Diah wasn't sure she believed that. Yet she had never seen Grandmother enter the room with nothing more than flowers and incense. The glowing tips of the smoking sticks offered only the barest of light.
As Diah grew older, Grandmother shared more of what she knew. That a mask couldn’t be carved until its maker sought permission from the tree that offered its wood. How the ceremonies before and after the making were elaborate and heartfelt. Why the maker inscribed part of the tree's very spirit into the mask before it was consecrated and given to the mask keeper to protect.
Grandmother also talked of current matters. That a mask keeper needed to ensure each mask in her care stayed whole. How every mask in her grandmother’s care had come from the old days and boasted at least four dozen layers of paint. Why the masks fed on the powers of incense and holy water and flowers.
Only later did Diah understand that "the old days" meant more than long ago. It meant another island and another temple, a life her family had lost before crossing the sea. And "current matters" were never current matters at all but lessons for the day when the masks would belong to Diah's care.
Of all the masks hidden in the temple storehouse, Diah avoided only one: the face with bulging eyes and curling fangs. Even wrapped in white cloth, it seemed to watch the room. It sat in a box away from the other masks, and always in view of the box containing the Barong.
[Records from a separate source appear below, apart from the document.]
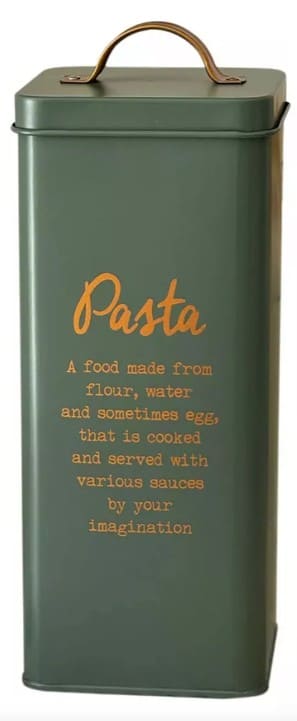 Lata para fideos 27x11x11cm Linea Verde c/manija Inscripcion Cobre (71143) CAROL
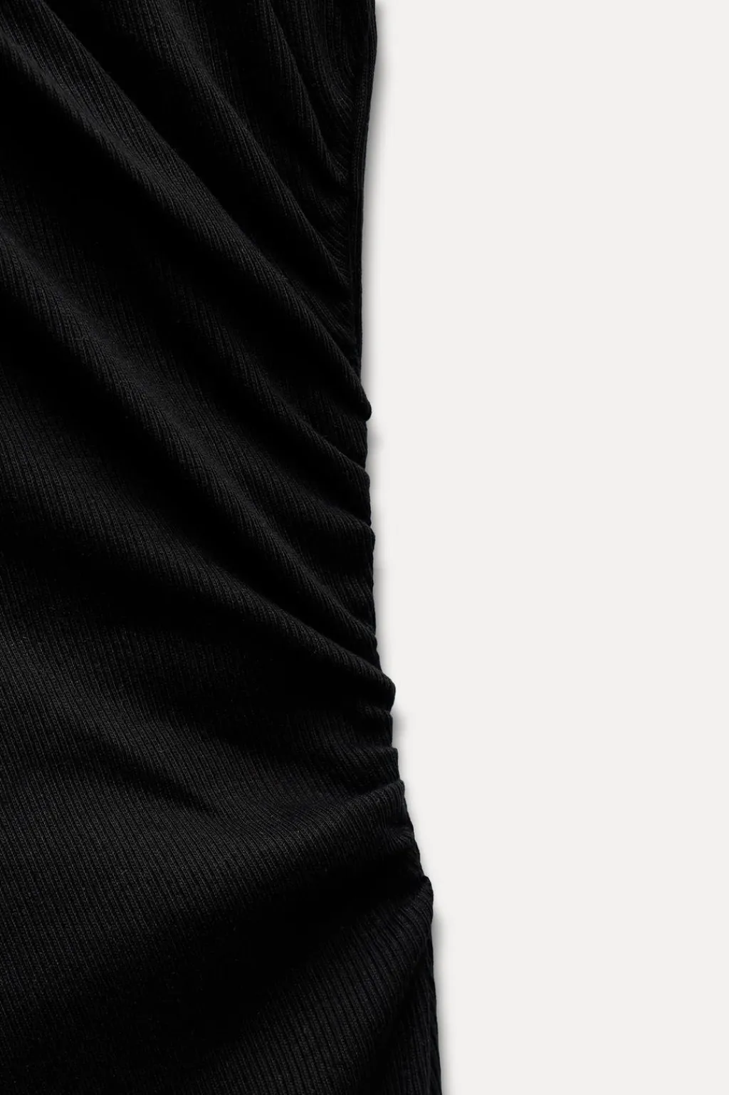 Vestido midi de cuello redondo y manga corta. Detalle de drapeado lateral.
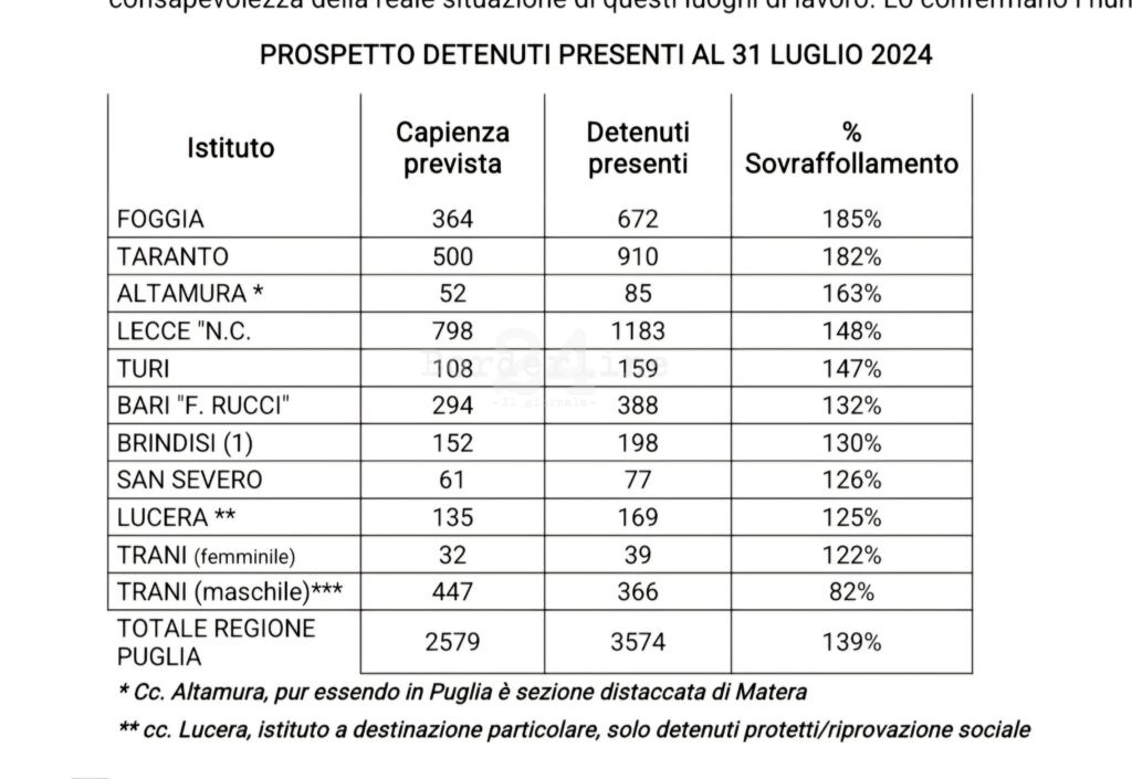 Per quanto riguarda le carenze di personale è sufficiente riportare i dati di alcuni istituti, a partire dal carcere di Bari dove in organico sono previsti 258 unità per una capienza di 294 detenuti, mentre ne abbiamo in servizio solo 221 a fronte di 388 detenuti; il carcere di Foggia che ha un sovraffollamento quasi doppio, con una capienza di 364 sono presenti ben 672 detenuti, mentre il personale in servizio è sotto le 240 unità, quando invece per il numero di detenuti presenti l’organico dovrebbe essere praticamente il doppio; stessa situazione di Foggia si verifica al carcere di Taranto, con un organico dimezzato rispetto ai detenuti presenti. È evidente che con questi numeri la situazione diventa esplosiva. Ed è esattamente quello che è accaduto oggi. Una rivolta che ha visto protagonisti detenuti, che ha coinvolto poliziotti penitenziari feriti nell’adempimento del loro dovere, e addirittura un infermiere sequestrato.
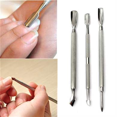 Перед тем как делать аппаратный маникюр, аккуратно отодвигаем кутикулу при помощи пушера или деревянной палочки (второй метод более деликатный).
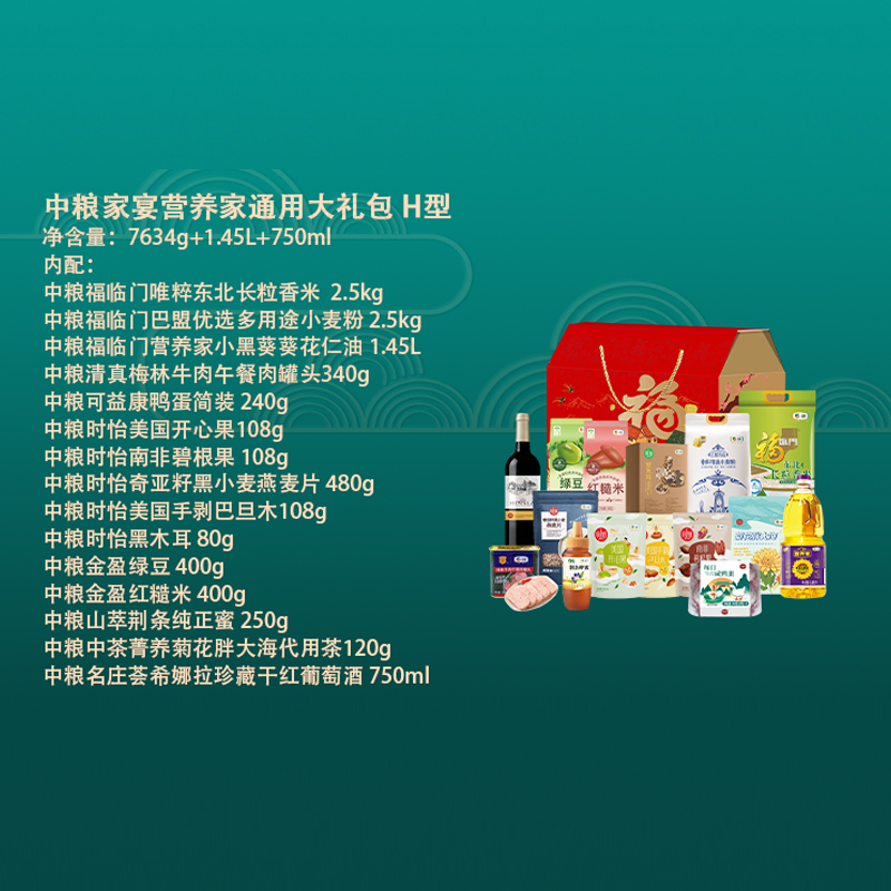 中粮 7634g+750ml+1.45L 2025中粮家宴营养家通用大礼包H型 (单位:盒) 2025中粮家宴营养家通用大礼包H型
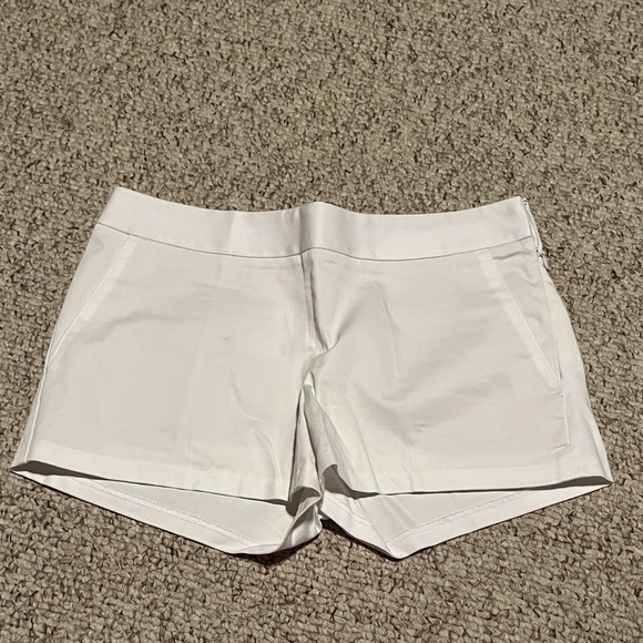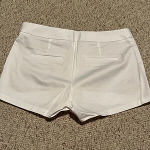 Express Shorts. Slightly dressier shorts. White with tan pockets on the inside, size 0. These have pockets and a side zipper with a U hook. Has fake pockets in the back. There is a small spot on the front as shown in a picture. I don’t think these have ever been worn And an excellent condition
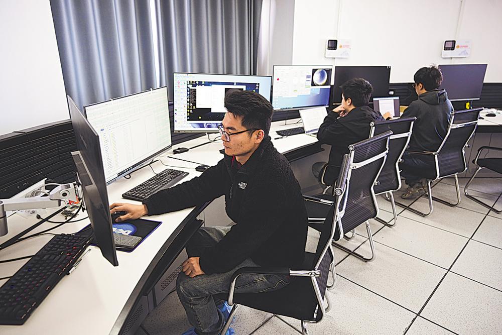 7月29日,由中国科学院国家天文台实施的用于太阳磁场精确测量的中红外观测系统AIMS项目科研人员在工作。新华社记者 张龙 摄
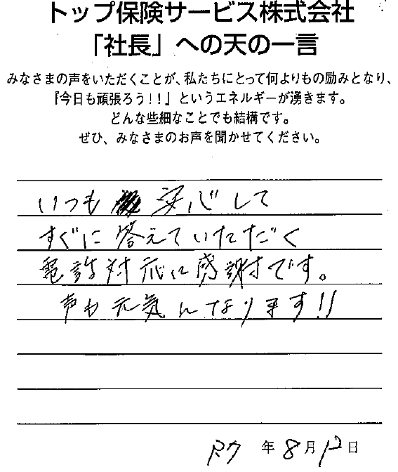 メッセージ: いつも安心してすぐに答えていただく。 電話応対に感謝です。声も元気になります!!
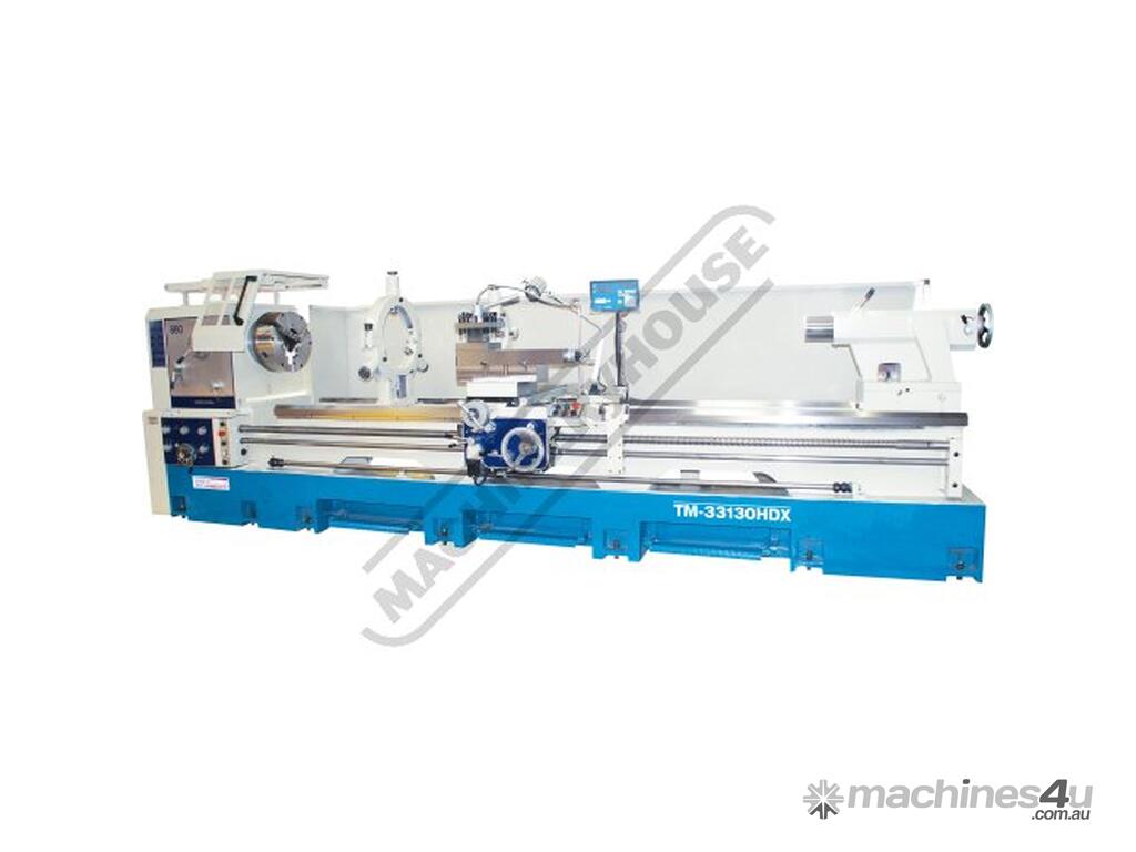 The TM-33130HDX Industrial quality centre lathe is manufactured in Taiwan to a stringent precision engineering high tolerance & superior excellence to cope with the big & heavy jobs. This lathe has a 158mm big bore, 860mm turning capacity with 1000mm in the gap, a massive 510mm wide 3V induction hardened & ground bed-way to cope with all the heavy workloads.
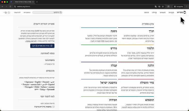 מדריך מהיר: הכירו את תוכן העניינים של ספריית ספריא Team Sefaria עודכן 27 בינ' 2026, 18:51 לכל מקור בספריית ספריא יש תוכן עניינים, אותו אפשר למצוא בשלוש דרכים: דרך סרגל הקישורים דרך ניווט לכותרת ספר מעמוד הבית של ספריא דרך שורת החיפוש למדו עוד על סרגל הקישורים והכלים של ספריית ספריא >>> על מנת למצוא את תוכן העניינים דרך סרגל הקישורים והכלים: לחצו על כל קטע במקור על מנת לפתוח את סרגל הקישורים. לחצו על תוכן העניינים. על מנת למצוא את תוכן העניינים דרך ניווט לכותרת ספר מעמוד הבית של ספריא: בחרו בכל קטגוריית טקסט (לדוגמא: אם אתם מחפשים את ספר שמות, לחצו על תנ"ך). בחרו בכותרת של הספר הרצוי. על מנת למצוא את תוכן העניינים דרך שורת החיפוש: הקלידו את כותרת הספר הרצוי בתוך שורת החיפוש שממוקמת בפינה השמאלית העליונה של המסך. בחרו בערך שלפניו סמל ספר כדי לפתוח את תוכן העניינים הרלוונטי. שימו לב: בעת ניווט במקורות ביישומון סםריית ספריא, ניתן לאתר את תוכן העניינים של כותר מסוים על ידי הקשה על כותרת של טקסט פתוח בראש המסך. למדו עוד על יישומון ספריא לנייד >>> מאפיינים נוספים בתוכן העניינים: בניווט בחמישה חומשי תורה, ניתן להשתמש בתוכן העניינים לפי פרשת השבוע. לשם כך, עקבו אחרי ההוראות לעיל לפתיחת תוכן העניינים ולאחר מכן: גללו למטה כדי למצוא את כותרת המשנה ״פרשיות התורה״. בחרו בשם הפרשה הרצויה כדי להגיע לתחילת הפרשה. על מנת לראות עלייה מסוימת (קטע מתוך פרשת השבוע), בחרו באות הרצויה מתחת לשם הפרשה. בניווט בתלמוד, ניתן להשתמש בתוכן העניינים כדי לבחור בין התלמוד הבבלי לתלמוד הירושלמי. בניווט בתוספתא, ניתן להשתמש בתוכן העניינים כדי לבחור בין מהדורות וילנה וליברמן.בניווט בספר הזהר, ניתן להשתמש בתוכן העניינים כדי לבחור בין מהדורות וילנה (חלוקה לפי דף) וסגנון הסולם (חלוקה לפי מאמר).
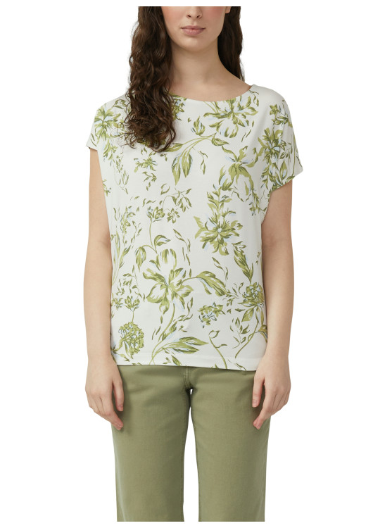 Obohaťte svůj letní šatník o kousek, který dýchá ženskostí a neuvěřitelnou lehkostí! Toto překrásné tričko od značky s.Oliver je dokonalou volbou pro dny, kdy chcete vypadat upraveně, ale zároveň se cítit absolutně svobodně. Na první pohled vás okouzlí jemný, celoplošný botanický potisk s motivem lístků v tlumené khaki barvě na světlém, krémovém podkladu. Pozornost poutá také elegantně řešený výstřih, který je uprostřed doplněn o drobný, velmi ženský průstřih do V. Krátké rukávy zdobí ležérní, fixně ohrnuté lemy, které celému modelu dodávají svěží a moderní šmrnc. Zásluhou materiálu s drtivým podílem prémiové viskózy tričko na těle fantasticky splývá, v horku příjemně chladí a poskytuje bezkonkurenční prodyšnost od rána až do večera.
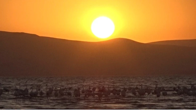Van’ın doğusunda yer alan Erçek Gölü, güneşin kızıla boyandığı o anlara flamingoların dansının eşlik etmesiyle adeta görsel bir şölen sundu.
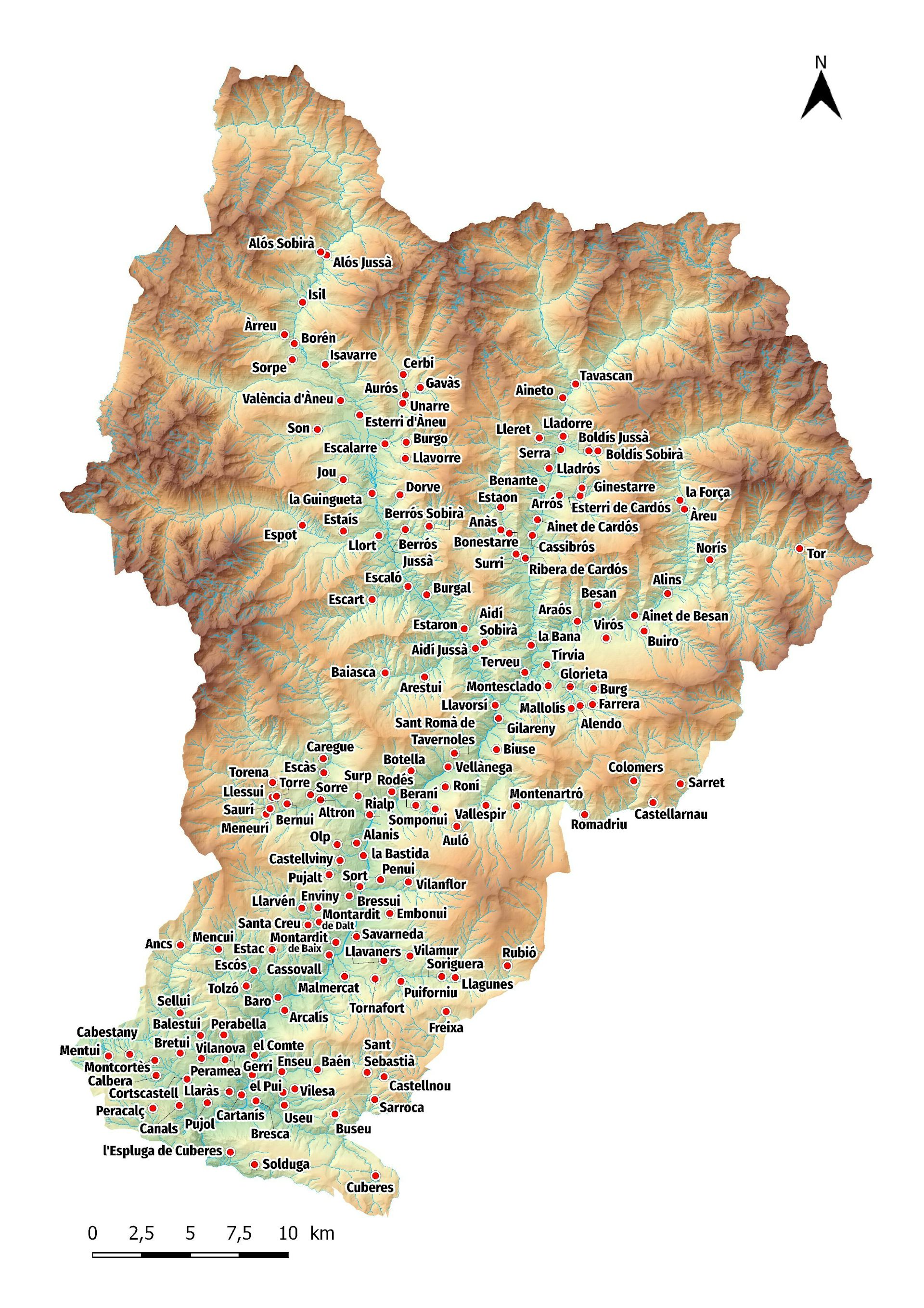 La recerca abasta un corpus total de 464 topònims: 180 noms de pobles actuals i les seves formes medievals. L’objectiu no era saber en quina llengua es van crear, sinó entendre a què es referien. Per aconseguir-ho, es va combinar la lingüística del corpus, el treball de camp, l’ús dels sistemes d’informació geogràfica (SIG) i l’estadística.
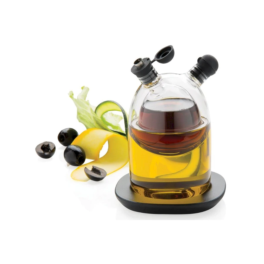 Duo kaadin öljylle ja viinietikalle. Uniikki ovaalinmuotoinen lasikulho öljylle ja viinietikalle suupuhallettua lasia. Duo kaadin on käytännöllinen lasikulho jossa on 2 erillistä säiliötä kastikkeille: 60 ml ja 140 ml säiliöt. Osioilla on erilliset kaatimet, joten ne pysyvöt erillään.Suosittelemme käsinpesua. Materiaali: lasi/mdfKoko: 12,5 x 7 cm
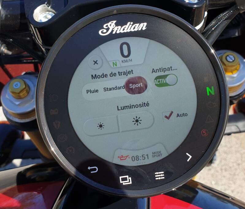Si vous êtes blasé par le manque de caractère de certaines motos actuelles, pourtant très efficaces, ne déprimez plus, il y a une solution à vos problèmes. Cette nouvelle Indian Scout est un excellent début de réponse. Compliqué de ne pas craquer pour ce look de custom sportif, et vous serez totalement sous le charme, une fois le moteur en marche. La concession locale a eu la bonne idée de l’équiper d’une ligne S&S, qui vous donnera encore plus de frissons à l’accélération et quand on décompresse. On est définitivement dans l’ambiance, et la partie-cycle de cette « 101 » seconde parfaitement ce gros moulin. Le train avant est un peu paresseux dans les serré, mais la stabilité et le grip, vous surprendront dans les enchaînements rapides. A tout cela, Indian ajoute une bonne dose de technologies, avec un petit écran tactile un peu lent à l’allumage, mais très ergonomique à manipuler. Bref, la gamme Scout est très large, avec un accastillage différent selon la version choisie. Vous trouverez à coup sûr, votre bonheur.
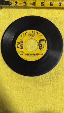 This image shows a vintage Steve Lawrence 7-inch vinyl record, specifically the 45 RPM single titled "Don't Be Afraid, Little Darlin'" released on the$10Monrovia, CA
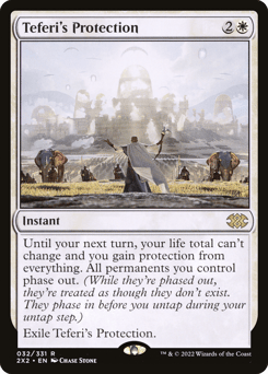 Until your next turn, your life total can't change and you gain protection from everything. All permanents you control phase out. (While they're phased out, they're treated as though they don't exist. They phase in before you untap during your untap step.) Exile Teferi's Protection.
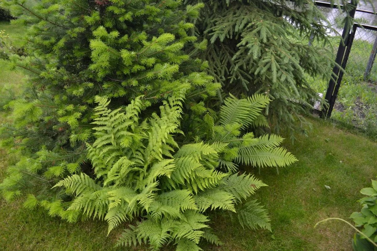 Папрат в страната или в парка обикновено се комбинира със следните декоративни растения:
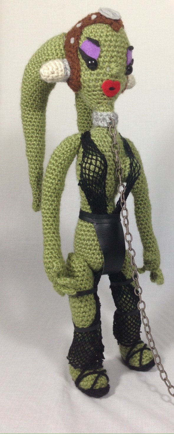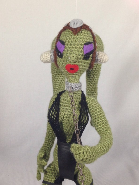 Oola has poseable arms and legs, comes with her own chain and stands about 17.5″ tall (although figure does not stand on its own). She will be on sale during the run of the show, May 14-July 9, alongside other wonderful fibrous creations from many talented and nerdy artists!

Everyone knew about the Barong, the whimsical lion protector that guarded their people. His mask was revered among all, a red head covered in thick white fur and wearing jewels adorned with shiny mirrors. He pranced like a puppy one moment and charged with teeth bared the next, the very ideal of joy and power.
No one spoke much about the other mask though, the one that sat apart from the rest. Grandmother called it Rangda, but Diah had never heard that name before.
Not among the temple-goers and not from her many friends.
“Do we need it?” Diah asked one morning.
Grandmother looked up from polishing the Barong's mirrored crown. “Need what?”
Diah pointed toward the dark box. “That one.”
Grandmother’s lips pressed flat. “A dance without that mask would teach only half the truth.”
Diah thought about that conversation in the months that followed. As her twelfth birthday approached, her grandmother declared she was finally old enough to do something beyond watching. This time, she could help.
“Fetch the flowers and the incense,” Grandmother said. These days she struggled to climb the steep black stone staircase that led to the temple garden, much less beyond.
Diah poured her a tumbler of cool water and recited the instructions she’d already memorized. “Kamboja and marigolds for all, but also hibiscus for her.” Like the others, she didn’t speak Rangda’s name aloud. “Find the incense maker at the far end of the market, furthest from the sea. He has the freshest wares.”
Grandmother didn’t praise her, but her satisfied sigh was enough. “Be sure to listen to what people are saying. We can whisper their truths to the masks.”
A simple request that was harder to accomplish. People chattered about all sorts of matters in the market. The village was busier than ever for the spring festival. Artisans offered decorations of flowers and shells; musicians tuned instruments for the gamelan; and tailors offered last minute alterations for the dancers. From afar it seemed as though the whole village was excited for the performance.
But as Diah waited for her strings of flowers, grumblings of jealousy seemed everywhere. She heard one vendor accuse another of stealing customers by lowering his prices. The argument began in whispers and ended with both men refusing to face one another.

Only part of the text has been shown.